Big data technologies turn this challenge into opportunity. Obviating the need for
cost-intensive and risk-prone manual processing, big data technologies can be
leveraged to automatically sift through and draw intelligence from thousands of
hours of video. As a result, the big data technology is the third factor that has
contributed to the development of video analytics.
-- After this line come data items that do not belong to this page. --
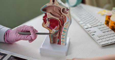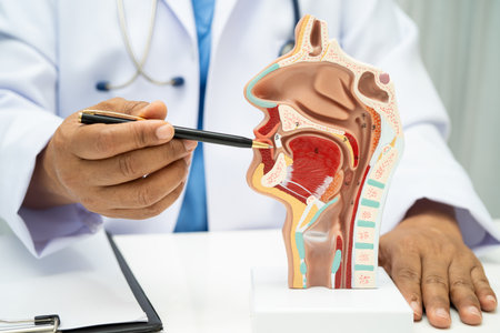 Asian doctor with nasal oral throat cavity neck human anatomy model for study diagnosis and treatment in hospital.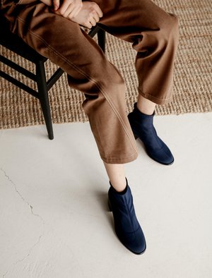 A sleek and modern take on a 90s classic. The Macet Stretch Boot is a fitted navy ankle boot with contrasting black block heel. A great shape for straight leg pants. - Made in France - Height 2.75 - Leather insole and lining - French sizing, take a 1/2 size up from your usual size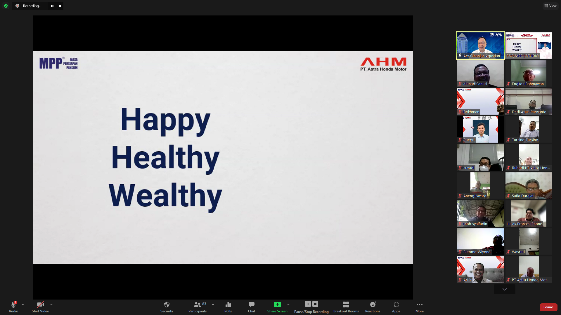 "Sebagai seorang calon pensiunan, yang paling penting adalah kita harus hidup dengan Happy, selanjutnya Healthy, bukan hanya secara fisik, namun juga secara batin. Kalau batin sakit maka badan juga akan sakit. Terakhir adalah Wealthy, yaitu hasil karena kita Happy dan karena kita Healthy,” papar Ary, terlihat senyuman manisnya di layar Zoom.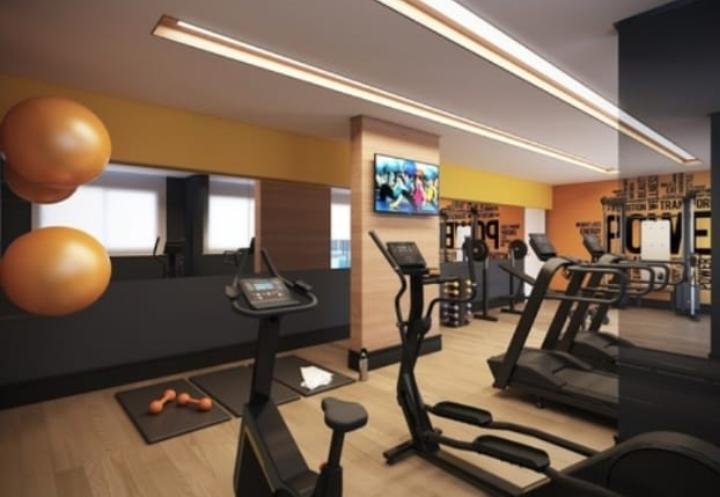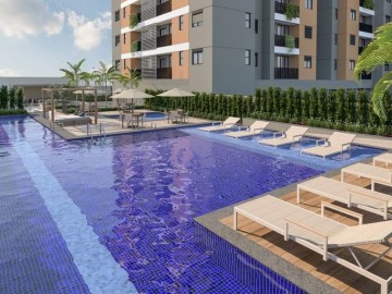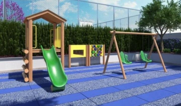 Lazer completo: piscina, spa, academia, salão de festas, espaço churrasco, sala de reuniões, play kids e quadra poliesportiva. Portaria 24h.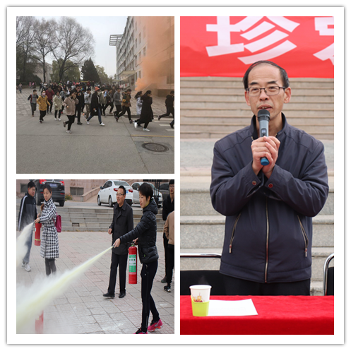 老师荆伟伟、李晨鑫等对本次消防演练表示了肯定,并重点强调了,全体师生要重视对火灾等各类安全事件的防范以及对突发事件应变能力的提高,接下来保卫科科长史志强开始对学生讲解如何逃生自救、如何正确报警等消防知识,用火、用电等注意事项,还向同学们讲解消防器材的基本知识和灭火器使用方法,使同学们了解消防器材,懂得怎样利用灭火器扑救初起火灾。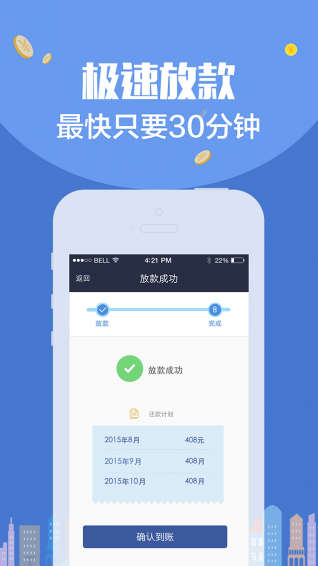 快速:5分钟完成申请,实时确定信用,最快10分钟放款;
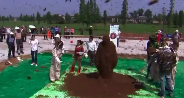 Люди любят устанавливать странные рекорды. Совершено непонятно зачем, житель Китая по имени Жуань Лянмин посчитал своим долгом внести свое имя в Книгу Рекордов Гиннесса. Чтобы осуществить свою цель, его тело стало местом отдыха для невероятного количества пчел. На нем разместилось 63 килограмма жужжащих насекомых. Затея китайца была опасна для жизни, но Жуань отлично поладил с пчелами и установка рекорда прошла без происшествий.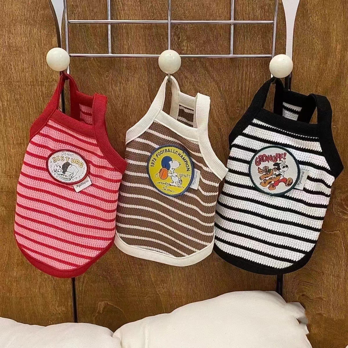 빈티지 스트라이프 카미 솔 애완 동물 옷 여름 고양이 개 옷 요크셔 Marzis 곰스토어 가기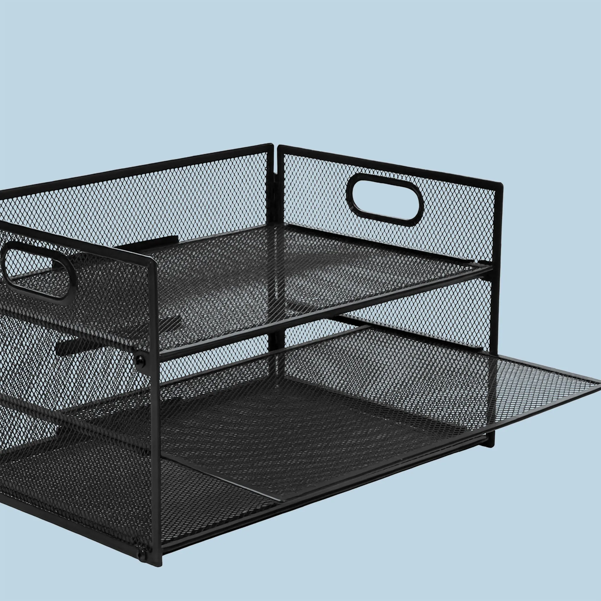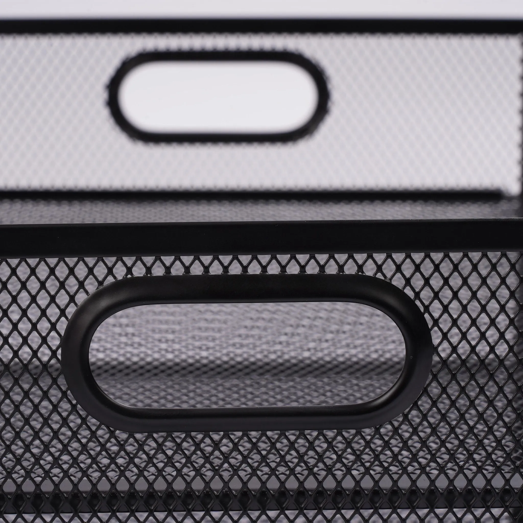 Dank seitlicher Tragegriffe lässt sich der Organizer flexibel am Arbeitsplatz versetzen. Die offene Gitterstruktur aus Eisen verleiht Stabilität, minimiert Staubablagerungen und unterstützt eine gute Übersicht über den Inhalt.

The primary application of video analytics in recent years has been in automated
security and surveillance systems. In addition to their high cost, labor-based
surveillance systems tend to be less effective than automatic systems (e.g., Hakeem
et al., 2012 report that security personnel cannot remain focused on surveillance
tasks for more than 20 minutes). Video analytics can efficiently and effectively
perform surveillance functions such as detecting breaches of restricted zones,
identifying objects removed or left unattended, detecting loitering in a specific area,
recognizing suspicious activities, and detecting camera tampering, to name a few.
Upon detection of a threat, the surveillance system may notify security personnel in
real time or trigger an automatic action (e.g., sound alarm, lock doors, or turn on
lights).

The data generated by CCTV cameras in retail outlets can be extracted for business
intelligence. Marketing and operations management are the primary application
areas. For instance, smart algorithms can collect demographic information about
customers, such as age, gender, and ethnicity. Similarly, retailers can count the
number of customers, measure the time they stay in the store, detect their
movement patterns, measure their dwell time in different areas, and monitor queues
in real time. Valuable insights can be obtained by correlating this information with
customer demographics to drive decisions for product placement, price, assortment
optimization, promotion design, cross-selling, layout optimization, and staffing.
15
`1

Another potential application of video analytics in retail lies in the study of buying
behavior of groups. Among family members who shop together, only one interacts
with the store at the cash register, causing the traditional systems to miss data on
buying patterns of other members. Video analytics can help retailers address this
missed opportunity by providing information about the size of the group, the group's
demographics, and the individual members’ buying behavior.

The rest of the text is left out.